Anybody heard from our member Zubi? ... Yes, OK, answered in another thread.


----------



## Mike Reilley (Jan 2, 2008)

To see before and after photos....move the blue bar in these photos back and forth.

Tsuanmi damage


----------



## Steve Stockham (Jan 2, 2008)

Good Lord!! I knew it was really bad but.......wow. Everything's just....._gone! _That before and after really brings it home what happened!


----------



## afinegan (Jan 2, 2008)

Here is a video on the incoming tsunami, its the craziest video I have seen yet, it shows buildings floating down the street


----------



## markoles (Jan 2, 2008)

Cancelled my trip to Japan this morning. Probably reschedule it for later this summer.


----------



## Mike Reilley (Jan 2, 2008)

Posted By afinegan on 14 Mar 2011 12:33 PM 
Here is a video on the incoming tsunami, its the craziest video I have seen yet, it shows buildings floating down the street




If you watch the water rise...you'll see the water reach the bottom of the chain link fence by the stairs at 20 seconds into the video...and it tops that 3' tall (or so) chain link fence two minutes later...and you 'll note the current is growing steadily until 5 minutes...when it's 8' deep. Woof...no way you could outrun that.


----------



## markoles (Jan 2, 2008)

Mike,

I was thinking the same thing. What a crazy video! Those guys were lucky to be on some sort of rock outcropping, weren't they?


----------



## JEFF RUNGE (Jan 2, 2008)

News coming in about their power plants is not good...


----------



## xo18thfa (Jan 2, 2008)

NHK said today there have been over 200 aftershocks over 6.0


----------



## Pete Chimney (Jan 12, 2008)

Last night I was thinking a "what-if" scenario.

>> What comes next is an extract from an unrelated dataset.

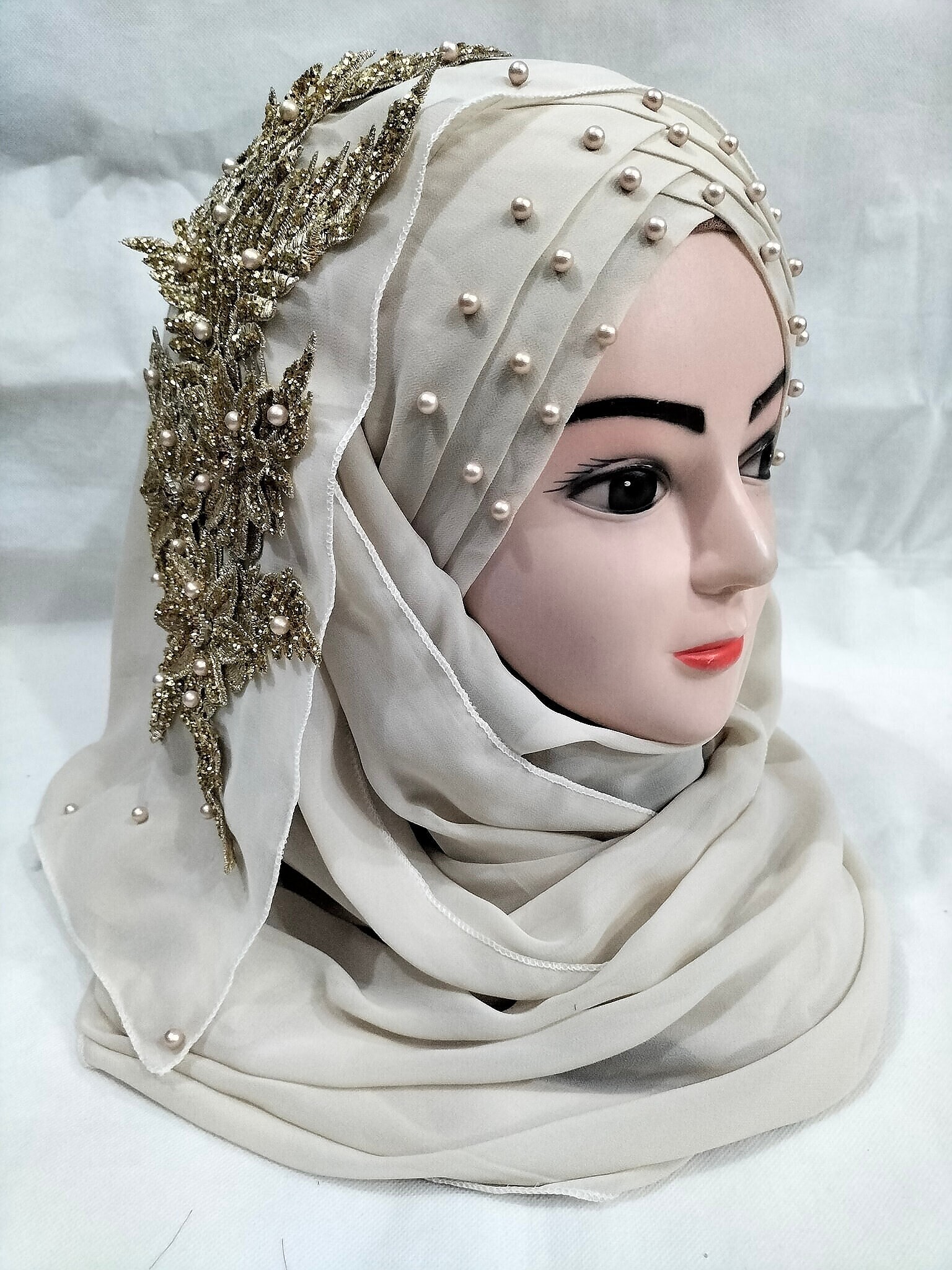 Pearl Ready to Wear with Bunch – Beige

Imagine this earthquake happened in March 1945 and not March 2011. Might the Imperial Japanese government been so unbalanced and the resulting destruction of the Home Islands deemed to be too great to continue the war effort? 

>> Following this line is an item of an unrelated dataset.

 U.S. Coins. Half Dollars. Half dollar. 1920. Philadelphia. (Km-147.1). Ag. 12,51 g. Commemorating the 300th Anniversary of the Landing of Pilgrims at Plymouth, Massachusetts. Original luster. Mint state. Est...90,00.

If so might WWII have been ended by an earthquake-tsunami in Japan and not atomic weapons? Interesting idea but of course we will never know.


----------



## zubi (May 14, 2009)

Pete, you think too much at night (and apparently know too little - on 10 March 1945 alone, 25% of Tokyo was destroyed and burnt, 100.000 people - who were not soldiers - killed, most burnt alive - more than in Hiroshima or Nagasaki http://en.wikipedia.org/wiki/Bombing_of_Tokyo ). Perhaps try to think of something else? Here is one suggestion http://www.google.com/crisisresponse/japanquake2011.html 
Best wishes from Tokyo, Zubi


----------



## zubi (May 14, 2009)

Posted By Richard Weatherby on 11 Mar 2011 07:49 PM 
Anybody heard from our member Zubi? ... Yes, OK, answered in another thread. 
Richard, most kind "thank you" for your concern! I have not seen this thread before, I am OK, although the situation is getting tense
The other thread is in Live Steam forum http://www.mylargescale.com/Community/Forums/tabid/56/aff/11/aft/119661/afv/topic/Default.aspx 
Thanks again, Zubi


----------



## wildbill001 (Feb 28, 2008)

Anyone heard from ituncle?

My deepest sympathies go out to all of our Japanese members. I can't begin to imagine the devastation over there and I lived through both hurricane Camille and Katrina.

Bill W


----------